PUMA CUP 2007 第12回全日本フットサル選手権大会

小池正人(本誌)、菊地芳樹(本誌)、北健一郎(本誌) 構成

準決勝 座談会レポート

初めて見たぞ! 競技フットサル

菊地 今回は本誌編集部の小池も加わってのレポートです。スフィアリーグはベテランなのに、競技フットサル初めてということで。率直な意見を言っていただければ。では、準決勝、決勝という怒涛の2日間を振り返っていきたいと思います。まず雰囲気とかはについては?

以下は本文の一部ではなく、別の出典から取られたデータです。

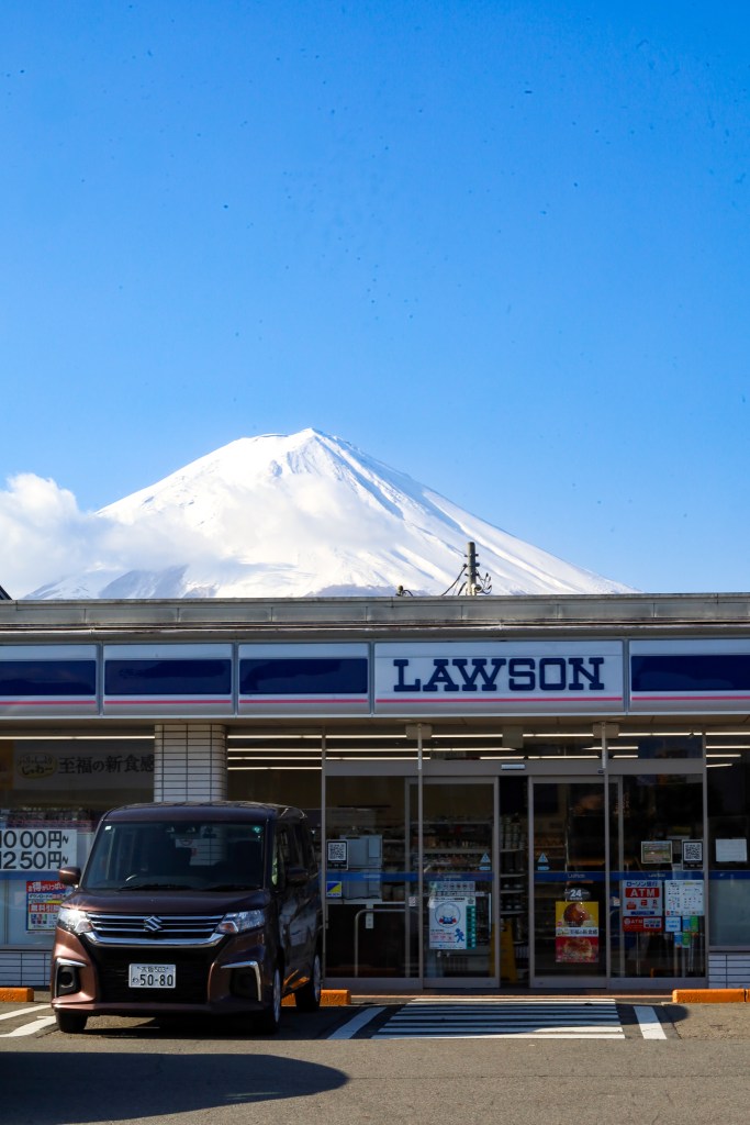 Dit is misschien wel de beroemdste convenience store van Japan. Mount Fuji komt boven de convenience store uitgestoken, waardoor het een van de meest virale fotolocaties is geworden. Koop je ontbijt en geniet van het uitzicht.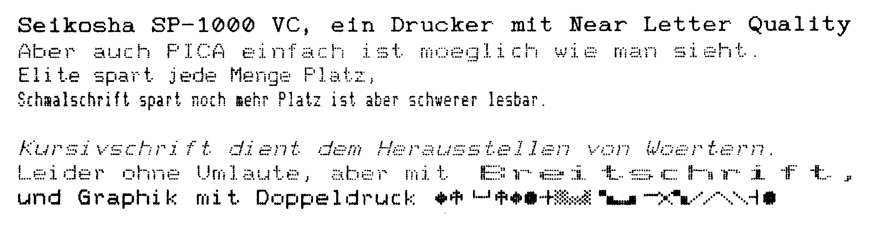 Doch so gut sich diese Fähigkeiten auch anhören mögen, man wird vom SP 1000 VC rasch wieder auf den Boden der Realität zurückgeholt. Die vorgenannten Leistungsmerkmale lassen sich allesamt nur über Sekundäradressen an- beziehungsweise auswählen. Von einer Textverarbeitung aus ist da so gut wie nichts einzustellen. Beinahe vergessen sind da die fehlenden Umlaute.
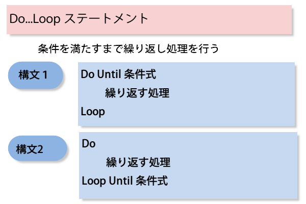 Do...Loop ステートメントは、条件を満たすまで、繰り返し処理を行うステートメントです。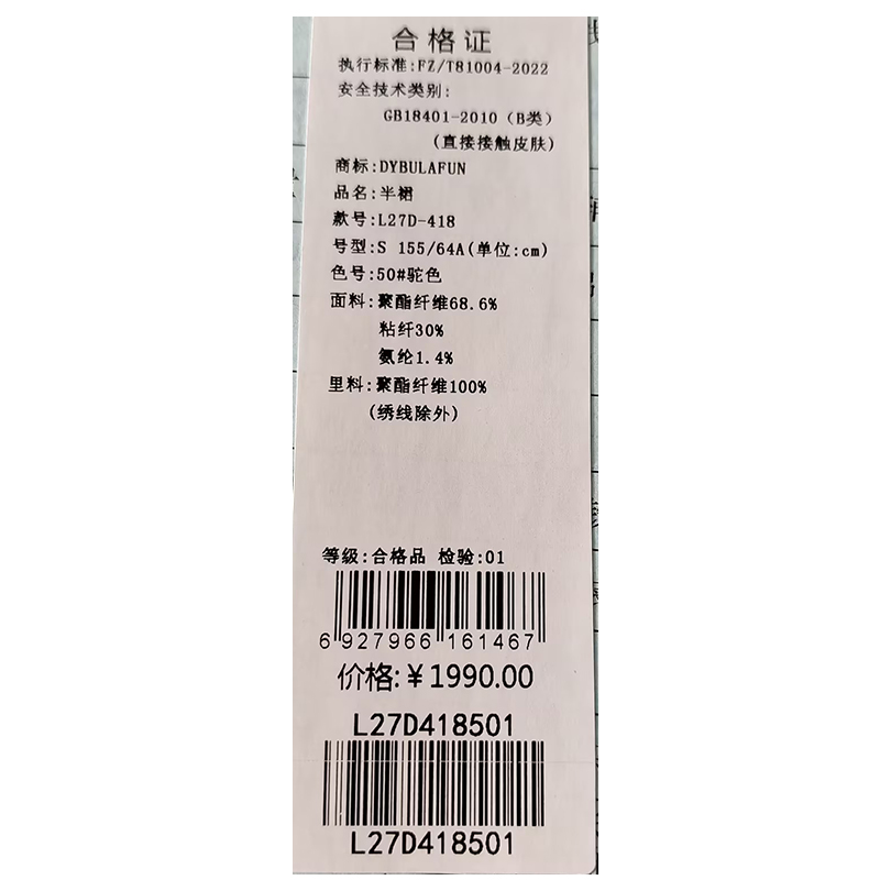 戴布拉芬半裙L27D418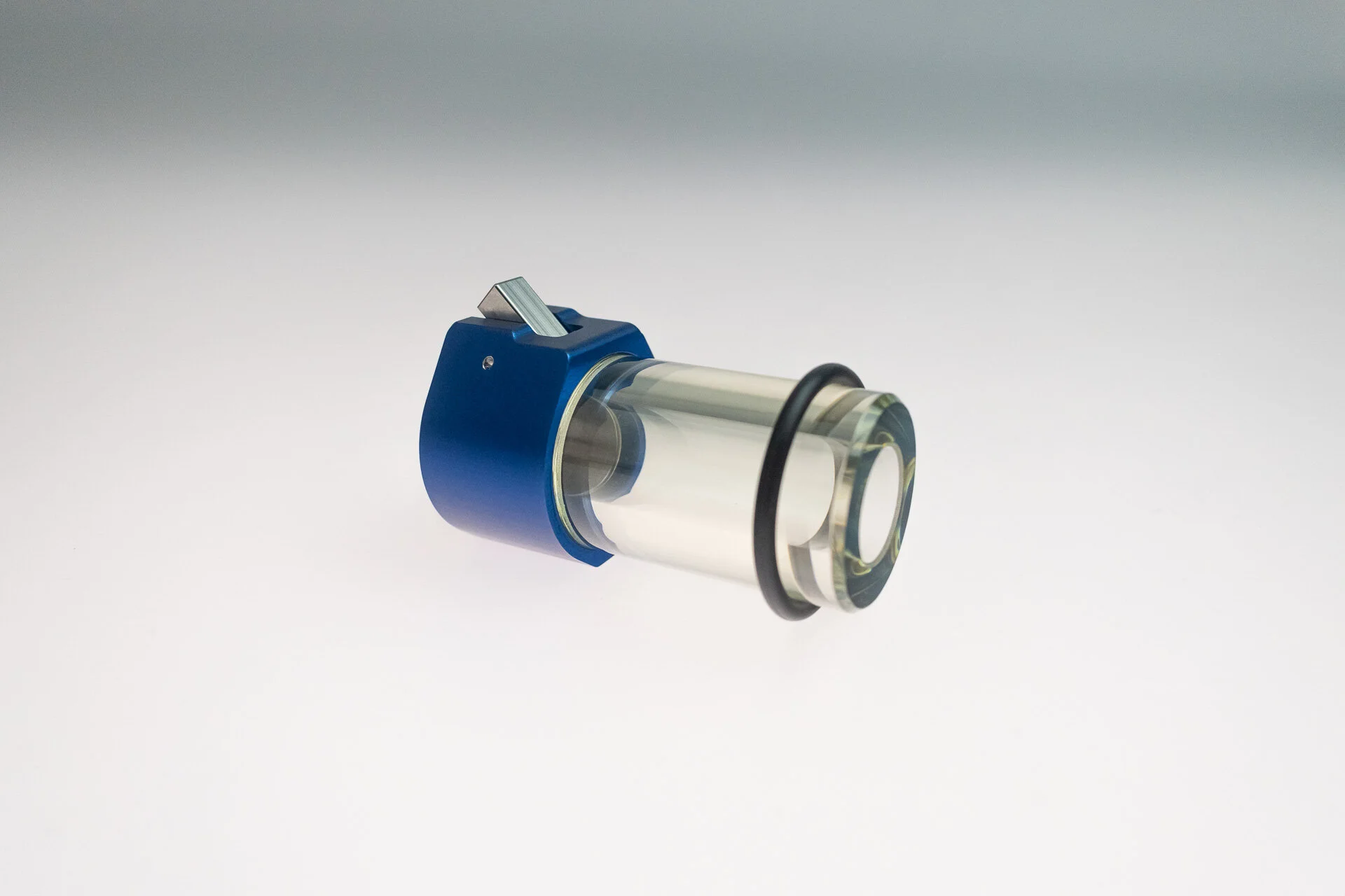 Syringe shields with lead glass viewing window for optimal visibility of the syringe. The clip-lock mechanism will make sure that the syringe is held in place. The anodized aluminium end cap has a 2mm tungsten lining to provide protection around the clip-lock mechanism. The lead glass has been designed with rounded edges to increase the strength.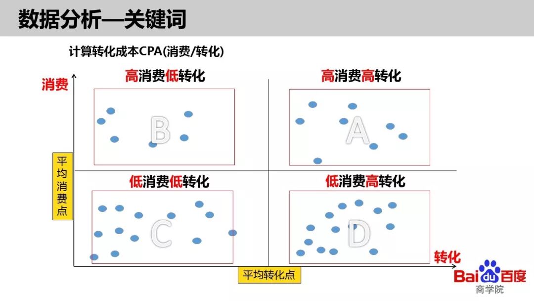 作为企业都知道关键词是帮助我们锁定目标客户的,不同类型的关键词带来的流量不同,效果也会不同,在我们的账户里有些词会有比较好的效果,有些词可能光消费不带来转化,这也是让我们企业主头疼的问题,那关键词要怎么优化呢?这堂课给大家带来的内容是关键词的优化方法。 01 关键词的分类 为了方便我们后期对关键词的分析,我们先把关键词进行一个分类,关键词可以分为4种不同类型的词。横坐标代表的是转化,纵坐标代表的是消费。 A象限:高消费,高转化 B象限:高消费,低转化 C象限:低消费,低转化 D象限:低消费,高转化 02 数据分析-关键词优化 A象限:高消费,高转化 A象限优化方法: 1.否定关键词:针对于高消费的词是不是有不相关词过来,如果有不相关的词,我们可以添加否定关键词。帮助我们节省推广的费用。 2.关键词匹配模式:不同的匹配模式带来的流量是不一样的,看看消费高是不是设置的匹配模式过于宽泛。 3.拓展业务相关词:我们可以找些转化高的词,在这些转化高的词的基础上我们可以多去拓展一些相关的词,增加转化。 B象限是高消费,低转化 对于这类的词,我们要从3个方面去优化:一、百度推广阶段 二、网站阶段 三、我们的销售阶段。 一、百度推广阶段: 1.否定关键词:看下是不是有不相关的过来,不相关进行否定关键词的设置,避免没有必要的点击造成消费。 2.替换为业务针对性更强的词:我们的选词要有针对性,选业务词,比如在你的账户中可以多一些产品词,产品咨询词等。 3.创意突出业务范围:看下创意,标题的内容,还有创意的内容,是不是都是围绕着关键词进行攥写。 二、网站阶段: 1.优化网站质量:我们要看网站整体的一个质量,比如网站的打开速度是不是够快,例如说网民到达了我的网站了,但是我的网站打开速度是30s,那可能网民就直接走掉了,我们要去关注网站的打开速度。 2.提高网页相关性:网站的内容是不是有吸引力,当网民进到你的网站,如果没有他想看的内容,或者没有找到相关的内容他也会选择离开。 三、销售阶段: 1.销售工具布置:有没有交流咨询转化的工具可以辅助。 2.销售人员经验及技巧:我们网站里面,有客服在线,但咨询了之后呢,没有人说话,网民也有可能走掉,这些地方也是我们需要注意的。 C象限低消费低转化 对这类词,我们可以放量测试: 1.保证排名:首先来看下我们的排名是不是不够靠前,排名不好,网民看不到。 2.优化创意增加点击:我们的创意是不是没有吸引力。 3.优化网站质量:保证网站的打开速度,网站吸引力及页面的相关性。 4.提高网页相关性:页面的打开速度太慢了,是不是网页设置不太好,或者网民点击广告的落地页面设置的不相关,我们要提高页面的相关性。 D象限低消费高转化 D象限需要更多的资源支持: 1.给予更多资源:可以给予这些词更多的资源延长推广时间、增加预算等。 2.增加同类词:添加这类词的同类词,挖掘新词,开发出效果更好的词。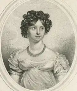 Elizabeth Brunton was born at Norwich on 21 January 1799 to a theatrical family.[note 1] Her grandfather, John Brunton, acted at Covent Garden Theatre in 1774 and was later a theatre manager; her father, also John Brunton (1775–1849), went on the stage in 1795, and later appeared at Covent Garden in 1800 as Frederick in Louisa's Vows. He also managed theatres, including those in Brighton, Birmingham, Exeter and King's Lynn.[1] Her mother was the actress Anna Ross, sister to Fanny Robertson, and Yates had at least three siblings.[2][3] Elizabeth's aunt, Anne Brunton, was an actress who also appeared at Covent Garden. Another aunt, Louisa Brunton, also an actress,[2] later married Major-General William Craven, 1st Earl of Craven.[4]
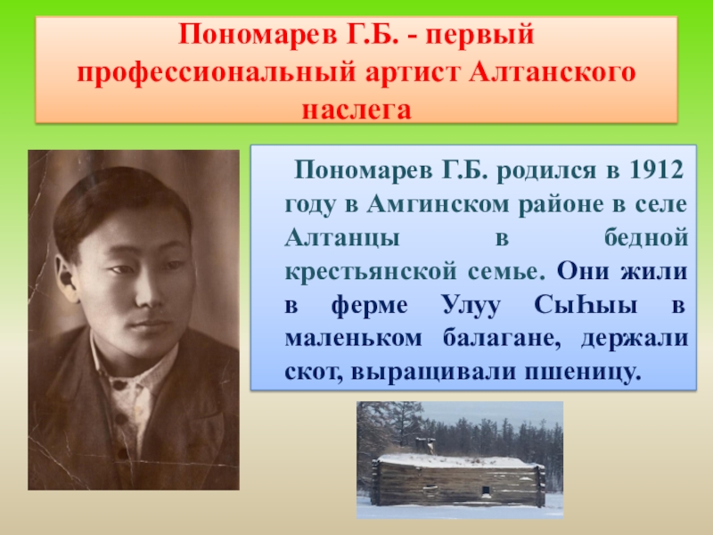 Слайд 5Пономарев Г.Б. - первый профессиональный артист Алтанского наслега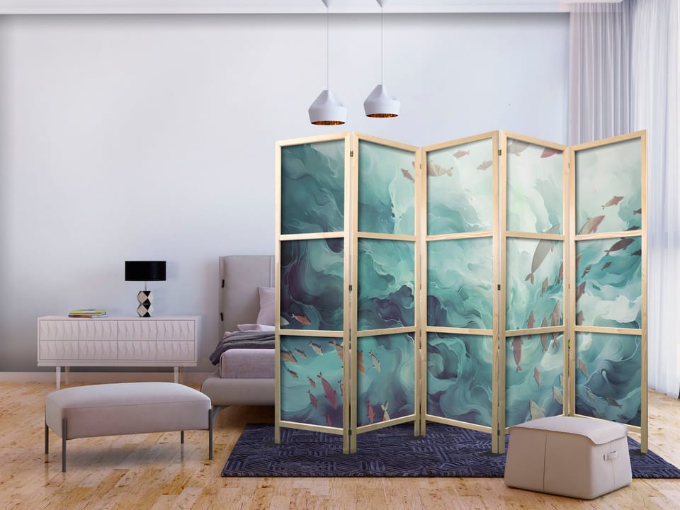 Parawan japoński - Trzy ławice ryb - Ryby w stonowanej kolorystyce pływające w grupach w oceanicznych głębinach rozmiar 225x172, wykończenie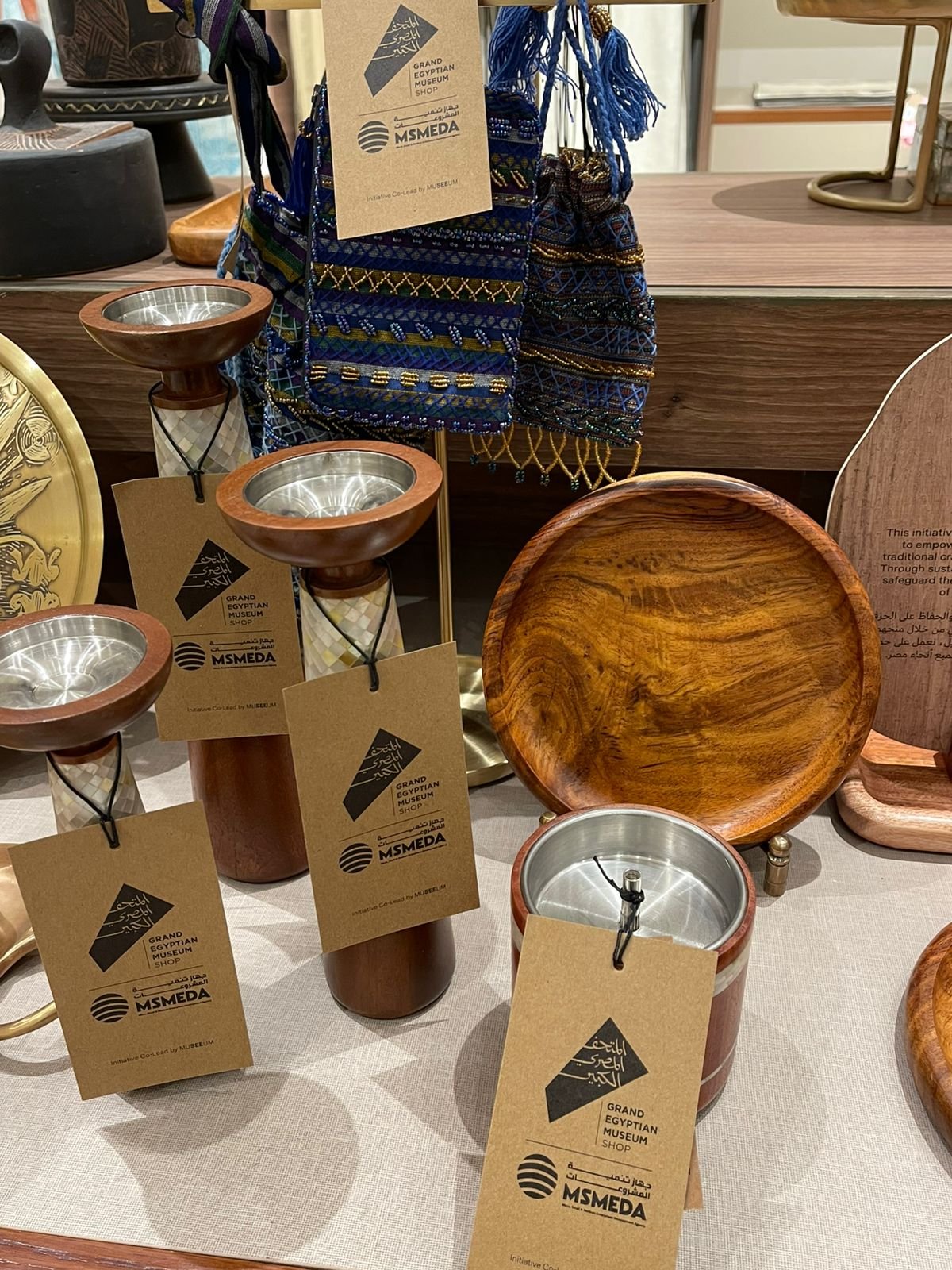 وصرح باسل رحمي، بأنه تزامنا مع فعاليات الاحتفال بالأفتتاح العالمي للمتحف المصري الكبير، قام الجهاز بالتعاون مع بيت الهدايا – المتجر الرسمي للمتحف المصري الكبير، بعرض مجموعة كبيرة و متميزة من المنتجات التراثية و الفنية الخاصة بالمبدعين والفنانين من عملاء الجهاز اصحاب المشروعات المتوسطة والصغيرة ضمن فاعليات تنفيذ استراتيجية تطوير الحرف التراثية التي اطلقها الدكتور مصطفي مدبولي رئيس الوزراء ورئيس مجلس ادارة جهاز تنمية المشروعات بهدف تطوير المنتجات التراثية و التسويق لها دوليا من خلال عرضها بالمتجر الرسمي للمتحف المصري الكبير والعديد من التجمعات السياحية بمختلف محافظات الجمهورية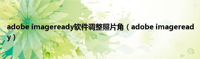 以上就是【adobe imageready软件调整照片角,adobe imageready】相关内容。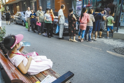 2015年9月6日,北京内务部街,为迎接新学期的到来,家长们在小学附近的商店排队购买文具。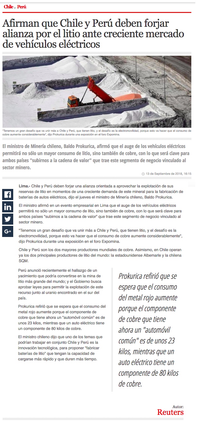 Prokurica: Chile y Perú deben aliarse para aprovechar las ventajas de la creciente demanda por litio - (Pulso Online)

小池 基本的には家族、関係者、コアなファンなど、内々で一杯になっているという印象。もうちょっとデカイところでもいいかなと思ったけど。でも、代々木第一体育館だと大きすぎるんだっけ?

菊地 そう。何かポワ~ンとしちゃう(笑)。

小池 代々木第二体育館とか東京体育館とかは使えないのかな? 準決勝も決勝もチケットが完売しているわけだし。

菊地 有明コロシアムは横20メートル×縦40メートルの広さが取れないらしい。だから東京にはフットサルに適した体育館が少ないのかもしれない。

  ただ、今回の駒沢体育館で1つ感じたのは、メインスタンドの観客席から手前側のタッチラインが見えないこと。あそこは雰囲気もいいし、「フットサルの聖地」なんて呼ばれているぐらいですけど、あれは今後の大きな改善点だと思う。

菊地 昔はそんなことはなかったように思うんだけど……。アリーナ席を出したことによるものなのか、ピッチの位置をズラしたのかもしれない。

  お客さんの雰囲気なんかは?

小池 チームを応援しようというのはまだ数十人。基本的には「フットサルを観たい」という人がほとんど。ゲームが面白くなると、会場全体がグワーッと盛り上がってくる。

  準決勝、決勝については有料開催ですから、チケットを買ってまで観るというのはかなりのファン。だからより面白い試合を観たい、フットサルを観たいというのが強いんだと思う。そういうファンだけで2000人以上が埋まっているという感じだった。

準決勝 第1試合
大洋薬品/BANFF 4-2 FIRE FOX

ファイルがあんなにバテバテになるなんて

菊地 北とのプレビューでファイルは勝つためにこういうことをして来るだろう、と話していたのはほとんどその通りになって。決めた本人が「ラッキーだった」みたいなことを言っていたぐらいだけど、⑦稲葉(洸太郎)がCKから先制したことで、大洋薬品としては初めてバタバタした感じになった。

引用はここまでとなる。